Scholars of private law have long framed the central issue of responsibility for harm, whether generally or as applied to science and technology, in terms of the great divide between fault and strict liability. No doubt the comparative merits and frailties of these opposing systems of accountability are fundamentally important. Yet, the spotlight shone on economic and philosophic aspects of these competing ideologies has left in the shadows the analytic fulcrum that properly defines the outer bounds of responsibility for harm from technology gone awry. That fulcrum is foreseeability.

This Article begins to fill that gap, by illuminating foreseeability’s sometimes hidden role over the last half century in framing the debate on whether private law should hold actors accountable for the harmful effects of new technology, even if those consequences are unforeseen. This Article also opens debate on how a role for foreseeability might be fashioned for this context where consequences become ever harder to predict as science peels back the essential building blocks of nature, and as technology reconstructs nature in uncharted ways. The issue explored here is one that private law increasingly will confront: whether actors (usually firms) should bear, or be protected from, legal responsibility for the unforeseeable risks of bending nature. Put otherwise, the question addressed here is whether and how the law should bend itself to address accountability for harm in this brave new world.

Penetrating to the heart of responsibility for harm, the problem of unforeseeable risk forces courts and policy makers to reexamine the goals of private law, including a host of fundamental questions: Who should bear the costs and benefits of changes in science and technology that develop over time? How should the law deal with changes in public attitudes toward risk, producer liability, individual responsibility, and legal doctrine? Are jurors of varying ages capable of fairly judging products made before they were born, or made just last year, according to the science, technology, values, and standards of the time when those products were invented, made, and sold? Is the judicial system capable of resolving these problems in a principled manner through the development of common law, or is the legislature a preferable forum for drawing basic liability lines? Should the law place primary (or exclusive) jurisdiction in regulatory agencies to try to discover and prevent these types of hazards before the fact? These are just a few of the many perplexing questions with which courts and policymaking institutions increasingly will have to grapple, questions that lie on the cutting edge of modern science and the law. The purpose of this Article is to begin that journey.

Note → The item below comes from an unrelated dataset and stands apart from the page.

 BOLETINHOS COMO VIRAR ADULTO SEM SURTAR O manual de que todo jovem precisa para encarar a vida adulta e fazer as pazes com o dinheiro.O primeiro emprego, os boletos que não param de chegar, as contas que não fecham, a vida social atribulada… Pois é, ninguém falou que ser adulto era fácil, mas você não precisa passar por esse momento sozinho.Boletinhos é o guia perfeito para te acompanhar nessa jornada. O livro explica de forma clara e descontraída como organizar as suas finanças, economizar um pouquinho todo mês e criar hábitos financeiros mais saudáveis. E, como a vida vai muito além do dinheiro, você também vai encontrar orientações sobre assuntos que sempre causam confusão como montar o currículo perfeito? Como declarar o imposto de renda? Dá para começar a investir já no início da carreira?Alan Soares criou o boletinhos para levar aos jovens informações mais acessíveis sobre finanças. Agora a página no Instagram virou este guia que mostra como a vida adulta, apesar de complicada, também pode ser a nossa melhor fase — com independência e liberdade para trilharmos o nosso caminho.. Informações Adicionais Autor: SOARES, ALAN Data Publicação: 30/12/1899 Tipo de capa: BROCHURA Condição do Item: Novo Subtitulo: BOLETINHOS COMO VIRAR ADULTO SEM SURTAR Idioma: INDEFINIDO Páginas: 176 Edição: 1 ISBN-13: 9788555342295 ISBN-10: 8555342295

Part II of this Article probes the underlying problem: how the accelerating pace of science is opening up a vast universe of unknown risks. Part III examines private law’s initial, blunt efforts to address the consequences of technology twisting nature into harm. This Part chronicles the law’s experiment, beginning in the 1960s, in holding producers “strictly” liable for unforeseeable risks from the products of technology, an experiment that expelled foreseeability from its classic anchoring role in private law. Part IV then explains how the law began to heal itself by reviving foreseeability, as various features of the great strict liability experiment unraveled, one by one. Part V next explores how foreseeability presents the greatest challenge to private law in a modern world where science and technology can be expected to go awry in many ways that cannot specifically be predicted, but where unexpected consequences, sometimes harmful, are inevitable. The Article concludes that the moral power and flexibility of foreseeability render it superior to a rule of strict liability in setting the boundaries of responsibility for harm from rapid advances in science and technology.